The architecture of our framework is illustrated in the figure below. As expected, the core of the framework is the ReTraTree. The trajectories composing the MOD are partitioned according to the in-memory part of the structure and stored on disk-based partitions. The trajectories assigned to an existing representative trajectory are archived on disk in dedicated R-tree indexed partitions (called pg3D-Rtree-k). On the other hand, outlier trajectories are organized on disk in a separate partition. When the size of a partition exceeds a pre-defined threshold, S2T-Clustering takes action: it applies Voting among trajectories, with the voting results indicating the Segmentation of trajectories into sub-trajectories that should take place. The resulting sub-trajectories along with their voting descriptors feed the Sampling module that selects new representatives, which are then back-propagated to the in-memory part of ReTraTree. The new representative trajectories as well as the raw sub-trajectories form the input of the GreedyClustering module: if a sub-trajectory is clustered around a new representative, it is archived in its appropriate partition on disk; otherwise, it is considered outlier and is re-inserted to ReTraTree, as it may now be accommodated in the index. Note that our implementation is completely independent from PostGIS. This implies that the underlying R-tree index, coined pg3D-Rtree has also been implemented from scratch on top of GiST.

Having this functionality in hand, the data analyst is able to perform interactive clustering analysis, by providing different values of W as input, through either the SQL interface of Hermes@PostgreSQL [3] or the incorporated V-Analytics tool [4].

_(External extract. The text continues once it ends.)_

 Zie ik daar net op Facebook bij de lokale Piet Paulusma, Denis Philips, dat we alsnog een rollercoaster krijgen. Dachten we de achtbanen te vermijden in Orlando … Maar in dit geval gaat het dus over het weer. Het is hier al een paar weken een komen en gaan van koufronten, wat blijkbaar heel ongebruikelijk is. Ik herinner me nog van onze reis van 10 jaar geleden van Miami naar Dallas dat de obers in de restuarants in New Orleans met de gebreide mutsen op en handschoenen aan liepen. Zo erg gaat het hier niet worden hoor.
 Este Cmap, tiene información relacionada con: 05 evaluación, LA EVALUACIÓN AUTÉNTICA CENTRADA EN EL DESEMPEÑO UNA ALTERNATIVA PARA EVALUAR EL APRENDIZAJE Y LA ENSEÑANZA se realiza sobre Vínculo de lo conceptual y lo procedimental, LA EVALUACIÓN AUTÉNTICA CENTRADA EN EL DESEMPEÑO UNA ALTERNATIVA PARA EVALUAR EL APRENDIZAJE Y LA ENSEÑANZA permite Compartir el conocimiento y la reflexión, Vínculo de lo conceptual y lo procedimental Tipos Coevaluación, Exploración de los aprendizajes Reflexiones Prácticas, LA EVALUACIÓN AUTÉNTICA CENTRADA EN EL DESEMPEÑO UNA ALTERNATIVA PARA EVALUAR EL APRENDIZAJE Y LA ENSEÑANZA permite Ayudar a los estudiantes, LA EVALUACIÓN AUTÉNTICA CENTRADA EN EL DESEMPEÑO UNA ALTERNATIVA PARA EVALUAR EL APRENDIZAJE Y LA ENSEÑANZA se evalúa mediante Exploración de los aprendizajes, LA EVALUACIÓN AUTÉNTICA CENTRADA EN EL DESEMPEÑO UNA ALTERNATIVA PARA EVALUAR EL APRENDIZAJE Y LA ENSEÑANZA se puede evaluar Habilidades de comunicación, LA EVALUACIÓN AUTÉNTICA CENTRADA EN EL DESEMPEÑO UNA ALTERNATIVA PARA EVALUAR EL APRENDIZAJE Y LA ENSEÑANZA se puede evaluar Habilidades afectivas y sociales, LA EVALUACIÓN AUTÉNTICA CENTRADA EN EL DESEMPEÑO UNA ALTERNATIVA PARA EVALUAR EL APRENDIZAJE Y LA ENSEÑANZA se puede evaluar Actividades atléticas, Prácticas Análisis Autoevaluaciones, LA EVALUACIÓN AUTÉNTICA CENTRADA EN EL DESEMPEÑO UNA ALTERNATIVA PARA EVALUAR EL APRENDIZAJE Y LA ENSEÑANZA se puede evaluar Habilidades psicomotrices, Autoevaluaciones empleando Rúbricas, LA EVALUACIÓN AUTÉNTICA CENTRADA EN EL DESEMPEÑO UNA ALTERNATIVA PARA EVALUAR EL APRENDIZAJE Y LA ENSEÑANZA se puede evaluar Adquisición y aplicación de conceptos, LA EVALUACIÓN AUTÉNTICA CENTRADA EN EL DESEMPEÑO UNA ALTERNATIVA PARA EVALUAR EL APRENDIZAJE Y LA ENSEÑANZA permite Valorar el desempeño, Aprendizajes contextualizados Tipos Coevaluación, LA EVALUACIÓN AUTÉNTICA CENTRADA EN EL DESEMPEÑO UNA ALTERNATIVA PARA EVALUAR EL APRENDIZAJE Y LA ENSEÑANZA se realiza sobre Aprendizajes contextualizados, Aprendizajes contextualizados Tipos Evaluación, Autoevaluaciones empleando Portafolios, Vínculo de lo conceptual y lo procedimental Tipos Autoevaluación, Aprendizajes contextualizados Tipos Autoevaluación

Video Showcase - Scenario 1

Video Showcase - Scenario 2

References

[1] N. Pelekis, P. Tampakis, M. Vodas, C. Panagiotakis, Y. Theodoridis. 2017. In-DBMS Sampling-based Sub-trajectory Clustering, In Proceedings of EDBT.
[2] N. Pelekis, P. Tampakis, M. Vodas, C. Doulkeridis Y. Theodoridis. 2017. On Temporal-Constrained Sub-Trajectory Cluster Analysis, Data Mining and Knowledge Discovery, 31(5):1294-1330.
[3] N. Pelekis, and Y. Theodoridis. 2014. Mobility Data Management and Exploration. Springer.
[4] G. Andrienko, N. Andrienko, P. Bak, D. Keim, and S. Wrobel. Visual Analytics of Movement. Springer, 2013.